Great Recession = Great Marketing Opportunity for Smaller Firms

Nov 9th, 2012 | Law Firm Marketing, Legal Marketing in Brief

The Great Recession has created the Great Marketing Opportunity for smaller full-service law firms and boutique practices. That’s what several in-house lawyers I’ve met with have told me recently.

The reasons: they see your lower operating costs and correspondingly lower rates; they feel the personal partner-level touch you can give every file; they value the local knowledge of the courts and community a lawyer in another city can never tap, and they recognize technology means “you don’t have to be in a big firm environment… to drive a big case. A smaller boutique firm can compete”, according to the president of New York State Bar Association.

It all plays into what the general counsel of Medtronic told Corporate Counsel magazine this fall, that being the economic crisis forced every legal department “to scramble to cut costs.”

What’s one of the keys to exploiting this marketing opportunity to grab work from national firms who have been the benefactors of corporate legal departments cutting back the number of firms they use for 20 years by implementing the DuPont Legal Model?

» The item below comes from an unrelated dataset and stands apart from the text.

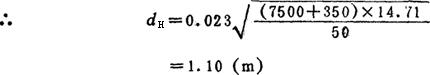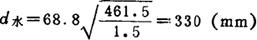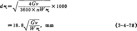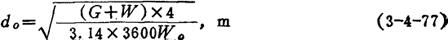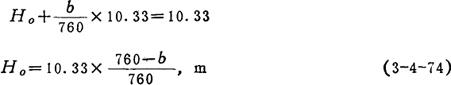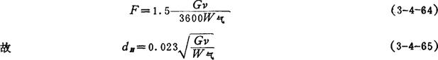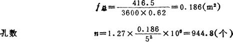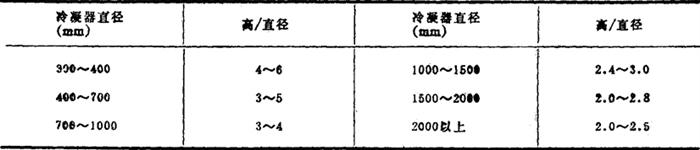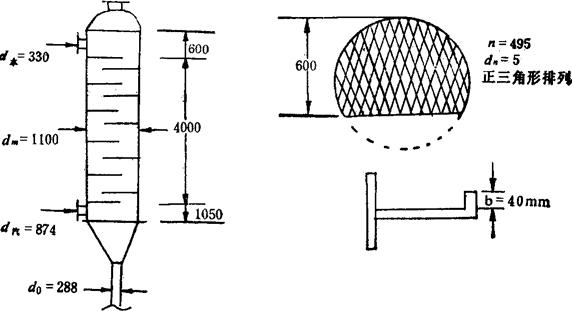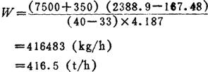 释义 | 大气式混合冷凝器的计算 1.冷凝器的直径dH 如取1.5的安全因素,则 式中 F——冷凝器自由截面积(m2) G——被冷凝蒸汽量(kg/h) v——蒸汽比容(m2/kg) W气——气体在冷凝器中允许速度(m/s) 气体速度W气,显然受到限制。它不能将下降水滴向上带走。水滴直径dW与允许气速W气的关系见表3-4-90。在9.8~18.6Pa即0.1~0.2kg/cm2绝对压力下,W气-般可取20~55(m/s)。 表3-4-90 气体在冷凝器中允许速度 2.淋水板尺寸 包括宽度、筛孔孔径和筛孔排列等。淋水板宽度须能保证冷却水在板上泛流,又不致过分减少蒸汽通过的面积,可取冷凝器半径加50mm。 水室淋水板宽度取0.8~0.9dH。 淋水板上有小孔,以减小液滴直径,加大其比表面积,利于气液热交换。增设若干筛板(且错排),利于液面翻新,加快传热。如果孔径太小,加工费时,也可能发生堵塞。当冷凝器直径小于1m、又采用清洁水时,小孔可取2~5mm;冷凝器直径大于1m时,小孔直径可取5mm。水质不好时,一般不小于5mm。 淋水板上小孔面积f(m2)为: 式中 W孔——水通过小孔流速(m/s) W——冷却水用量(kg/h) 冷却水量可由上式求得,也可以根据制盐经验取四效二次蒸汽量的60~100倍(视冷却水温而定)。 W孔与淋水板上溢流堰高度有关,堰高取为40mm时,W孔可取0.62m/s,此时开孔率(f/F)约为0.025~0.1。 淋水板孔数n孔为: 式中 d孔——淋水孔直径(mm) 淋水孔按正三角形排列。 3.冷凝器高度H 与淋水板孔数n、板间距h、水滴直径dW以及水的受热程度等有关。具体计算如下: (1)选用淋水板间距h和水滴直径dW淋水板间距h一般为300~400mm。但蒸汽在由下向上流动时,水蒸汽逐渐凝缩为水,气体体积逐渐减小,淋水板间距可适当由下而上逐减30~50mm。冷却水进口第一层淋水板和出口第m层板以下的空间高度,应较一般板间距大200mm。 (2)确定冷却水受热程度 受热程度(θ)为水的实际受热程度与理论上最大受热程度之比,即 式中 T——冷凝器压力下的饱和水蒸汽温度(℃) t1、t2——冷却水进出口温度(℃) 水蒸汽冷凝时θ与dW、h的关系,见表3-4-91。 表3-4-91 混合冷凝器中水的受热程度 (3)计算板数 选定板距h及水滴直径dW后,查出水的受热程度θ,然后可由θ求经过每块淋水板后的冷却水温度如下: 由前面受热程度公式得: t1′=t1+θ(T-t1) (3-4-70) t2′=t1′+θ(T-t1′) (3-4-71) ……………………… tm′=tm-1′+θ(T-t′m-1) (3-4-72) 式中 t1′、t2′……t′m为冷凝水经第1、2,……m块淋水板后的温度。当t′m等于或接近于冷却水出口水温t2时,即可算出淋水板数m块。有时实际板数须在计算数上再加10~30%的安全系数。 (4)计算高度 设实际板数为m块,上空间高度各为600mm,则冷凝器的总高Z近似为: Z=(m-1)h+0.6+1.2,m (3-4-73) 下空间高度为蒸汽进口管径1.2倍。 4.气压管长度l 在正常大气压(1.0133×105Pa)下,根据静力平衡,气压管内水柱最小高度H0应为: 式中 b——冷凝器中真空度(mmHg) 气压管内应有一定的压头h0以克服管内阻力。若取水的进口阻力系数ξ1=0.5,出口阻力系数ξ2=1,则 式中 W——水在气压管中流速(m/s) l——气压管长度(m) d——气压管内径(m) λ——管壁摩擦系数 g——重力加速度(m/s2) 为防止因大气压波动造成气压管内水倒灌的可能性,可将气压管长增加0.5m,其总长为: l=Ho+ho+0.5,m (3-4-76) 实际上,一般取L为11m,可满足要求。 5.气压管直径do按下式计算: 式中 G——蒸汽量(kg/h) W——冷却水量(kg/h) Wo——水在气压管中流速(m/s),一般取1.0~2m/s。 6.气体和冷却水进口管径 (1)气体进冷凝器管径d气按下式计算: 式中 G——进冷凝器蒸汽量,包括从脱气器进入量(kg/h) W气——蒸汽流速(m/s),一般取50m/s v——蒸汽比容(m3/kg) (2)冷却水进水管直径d水按下式计算: 式中 W——冷却水量(m3/h) W水——冷却水流速(m/s),一般取1.5m/s 7.冷凝器直径与高度关系 可计算确定,一般如表3-4-92。 表3-4-92 混合冷凝器直径与膏度关系 混合冷凝器设计实例:某制盐厂的多效蒸发装置,末效蒸发水量为7500kg/h,由脱氧器蒸发水量为350kg/h,冷凝器内气体压强为1×104Pa。冷却水进水温度为30℃,出水温度为40℃,试设计一混合式冷凝器。 解:(1)冷凝器直径dn: 取蒸汽流速W气为50m/s,对应蒸汽比容为14.71m3/kg (2)冷却水消耗量: (3)弓形淋水板有关尺寸: 取W孔为0.62m/s,孔径为5mm, 取 n=945个 水室第一淋水板宽度为1.1× (4)冷凝器高度Z: 孔径5mm,若平均间距h平=400,查得θ=0.104,则: t′1=t1+θ(T-t1) =30+0.104(45.3-30)=31.59(℃) t′2=31.59+0.104(45.3-31.59)=33.01(℃) t′3=33.01+0.104(45.3-33.01)=34.29(℃) t′4=34.29+0.104(45.3-34.29)=35.43(℃) t′5=35.43+0.104(45.3-35.43)=36.48(℃) t′6=36.48+0.104(45.3-36.48)=37.40(℃) t′7=37.40+0.104(45.3-36.48)=38.22(℃) t′8=38.22+0.104(45.3-36.48)=38.96(℃) t′9=38.96+0.104(45.3-38.96)=39.62(℃) t′10=36·62+0.104(45.3-39.62)=40.21(℃) 出水温度为40℃,故可选用11块淋水板。 按设计 Z=(m-1)h+0.6+1.2d汽(m) =(11-1)×0.4+0.6+1.05=5.65(m) (5)气压管长度L,选用11m。 (6)气压管直径do (7)蒸汽管进口管径(流速取80m/s) (8)冷却水管径d水 冷凝器计算结果如图3-4-77。 图3-4-77 冷凝器及淋水板主要尺寸 |

Find experienced legal marketing consultants who understand the culture of smaller full-service firms and boutique firms, who have a record of writing law firm marketing plans that successfully address firm wide issues in tandem with personal lawyer business development. Most importantly, make sure they have a record of then helping those smaller and boutique law firms successfully implement those plans over a prolonged period. They should be able to demonstrate improved partner profitability, that lawyers obtained desirable clients, big and small, plus a choice of file and fee– and that they did it without making everyone work 2000-plus hours every year.

In our national marketing effectiveness surveys, law firms with written marketing plans consistently report their marketing is more effective than firms that have no plan. That’s consistent with studies we’ve found showing strategic planning directly contributes to business growth.